9 replies to this topic

[Naraxxi]

Hi, i got trouble to understand the following call in the main():
a =20;

class X {
  private:
	int data;
  public:
	~X()
	{
	  cout << "Destruktor  " << data << '\n';
	}
	X(int d = -1) : data(d)
	{  
	  cout << "Allgemeiner Konstruktor  " << data << '\n';
	}
	X(const X &x) : data(x.data)
	{
	  cout << "Kopierkonstruktor  " << data << '\n';
	}
	X& operator=(const X& x) //nimmt auch Konstanten (wie in etwa 20)
	{  
	  data = x.data;
	  cout << "Zuweisungsoperator  " << data << '\n';
	  return *this;
	}
	void set(int d)
	{
	  data = d;
	}
	int get()
	{
	  return data;
	}
};

X a(0);

int main()
{
  cout << '\n' << "Start main" << '\n';
  X a; // Allgemeiner Konstruktor -1
  a =20;
// Allgemeiner Konstruktor 20  
// Zuweisungsoperator 20  
// Destruktor 20


  char g;
  cin >> g;
  return 0;
}

basicly a = 20 should be an assignment by using the assignment operator.
But it also works without the assignment operator.
It would just print out:
Allgemeiner Konstruktor 20
Destruktor 20
instead.

So what happens here ? can't the compiler decide wether ist is an assignment or a constructor call ?
why is this ?
and why is there an destructor call ? it's definetely not because it reaches the end of the programm..because it still awaits "cin >> f"

[Waterlimon]

For the destructor call, maybe it detects that you are not going to use the variable anymore, and thus destroys it before reaching the end of the block.

[Evil Steve]

You don't have an operator=() defined that takes an int, so the compiler is having to create an X instance from the int, and assign a to that.

EDIT: And Waterlimon is correct about the destructot call - it's the temporary X instance being destroyed.

[frob]

This is called "conversion by constructor" in the language standard.
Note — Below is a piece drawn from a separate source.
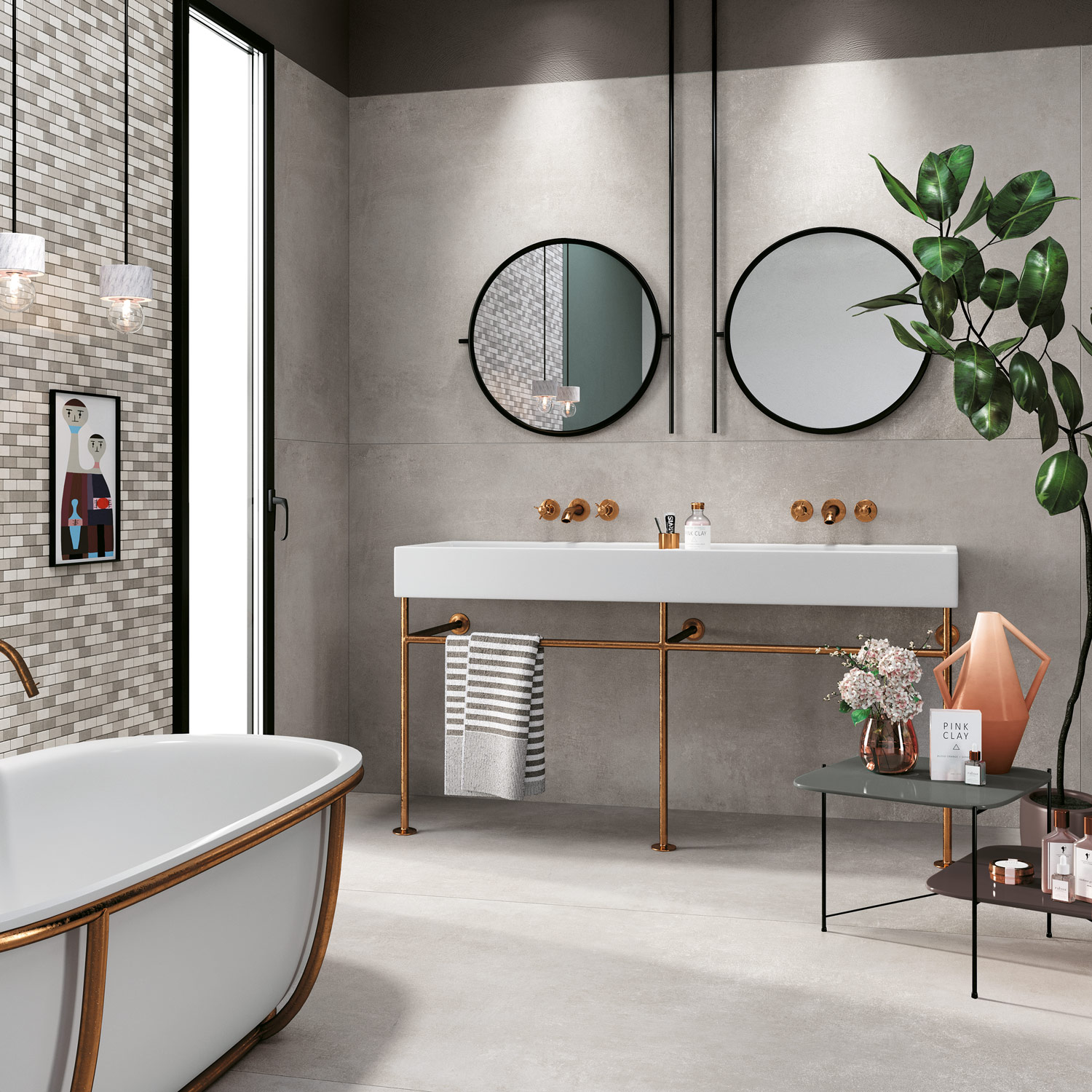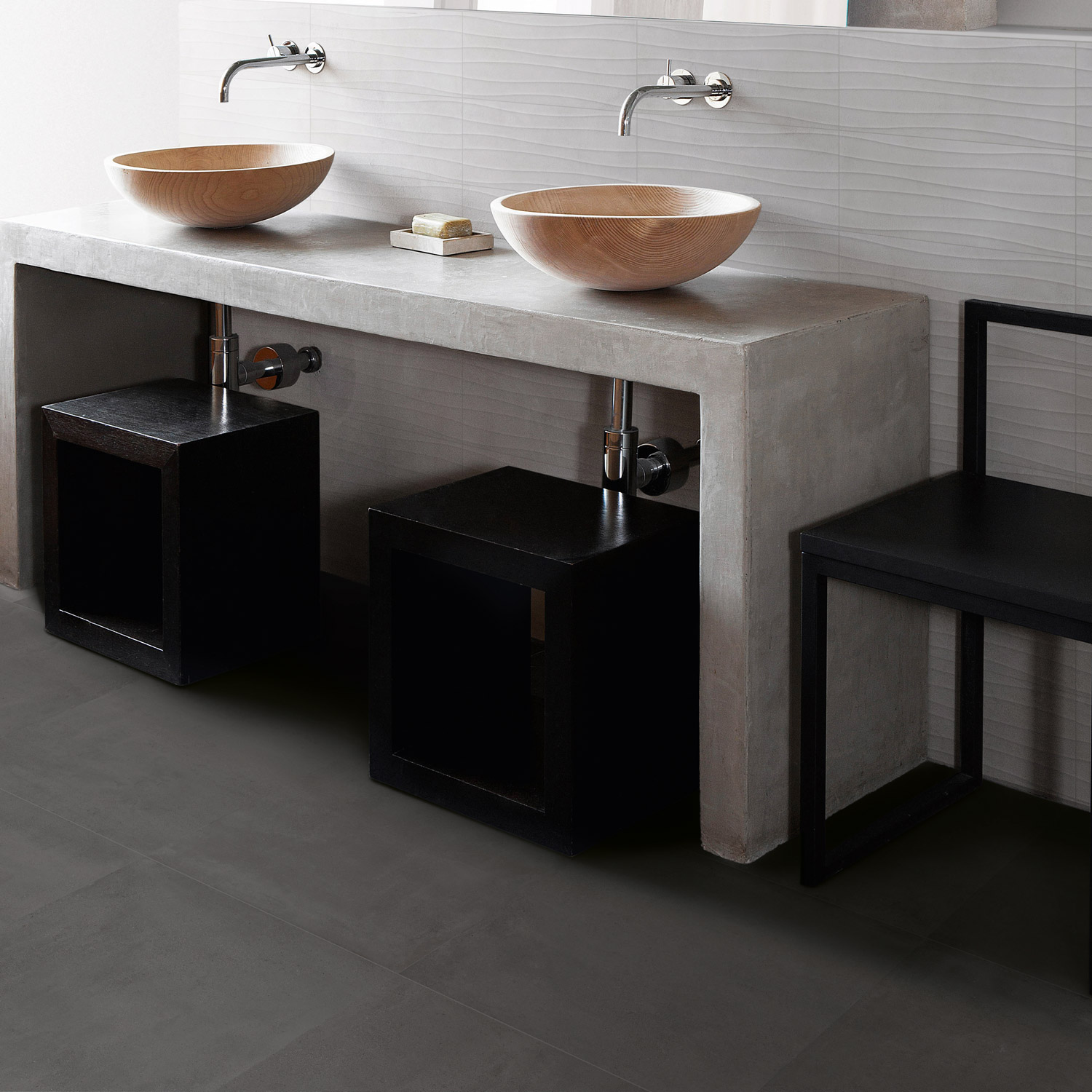 Fem varma och trendiga färger som ger lugn i ett hem där kreativiteten i övrig inredning står i fokus. Serien kan användas för en betonglook på både golv och vägg. För att tillgodose olika behov finns plattorna i olika storlekar.

Here is the example they use in the language standard

struct X {
X(int);
X(const char*, int =0);
};
void f(X arg) {
X a = 1;        // a = X(1)
X b = "Jessie"; // b = X("Jessie",0)
a = 2;          // a = X(2)
f(3);           // f(X(3))
}

[Naraxxi]

Thank you guys but i still have some uqestions ^^;

The compiler creates automaticly a constructor with 20 as value AND then assigns 20 to it, which doesn't change anything at all ?
I mean i would understand if the compiler would create a new instance of X with -1 as default parameter and then assign 20 to it.

And what makes "a" temporary ? it doesn't run out of scope but is destroyed ? i never saw this beahaviour before. Does this depend on the c++ compiler i am using ?
or is this a determined thing even before runtime ?

sorry for my noobish question but i have an important test on friday and i really wanna understand things more in depth :/

thank you very much !

[Brother Bob]

If it helps to clear up your confusion, the code is equivalent to this:

X a;
a = X(20);

It is not a that is destroyed, but the temporary value X(20) that has to be created in ordet to perform the assignment to a.

What happens is:

• Default-construct the named variable a.
  
• Construct a temporary object from the integer 20.
  
• Assign the temporary object to the named variable a.
  
• Destroy the temporary object.

Step 2 is what causes the program to print that the constructor with value 20 is called.
Step 4 is what causes the program to print that the destructor is called.

[Naraxxi]

super, thank you Brother Bob. That cleared my whole confusion about this issue !!!

and thanks to all the other guys again who basicly said the same but i misinterpreted the thing about the temporary variable ;)

[Adam_42]

If you change your constructor declaration to:

explicit X(int d = -1) : data(d)


You won't get the confusing automatic type conversions. You have to manually call the constructor if you want them.

[colinhect]

Waterlimon, on 07 February 2012 - 08:27 AM, said:

For the destructor call, maybe it detects that you are not going to use the variable anymore, and thus destroys it before reaching the end of the block.

The compiler can do that? Doesn't that essentially break RAII? For example, how could std::scope_lock work if the compiler could do this?

[Brother Bob]

colinhect, on 08 February 2012 - 04:22 PM, said:

Waterlimon, on 07 February 2012 - 08:27 AM, said:

For the destructor call, maybe it detects that you are not going to use the variable anymore, and thus destroys it before reaching the end of the block.

The compiler can do that? Doesn't that essentially break RAII? For example, how could std::scope_lock work if the compiler could do this?

It cannot.

As with any compiler optimization, the compiler can only optimize code as long as the observable behavior of the code does not change. If the compiler can destroy an object earlier without any side effects, then I don't know of any reason why it should not be able to do so. Now, since the destructor in the OP's code, and in RAII in general since you mentioned it, has side effects (OP's code is outputting text, and RAII typically release a resource), it cannot be performed earlier since that would change the observable behavior of the program.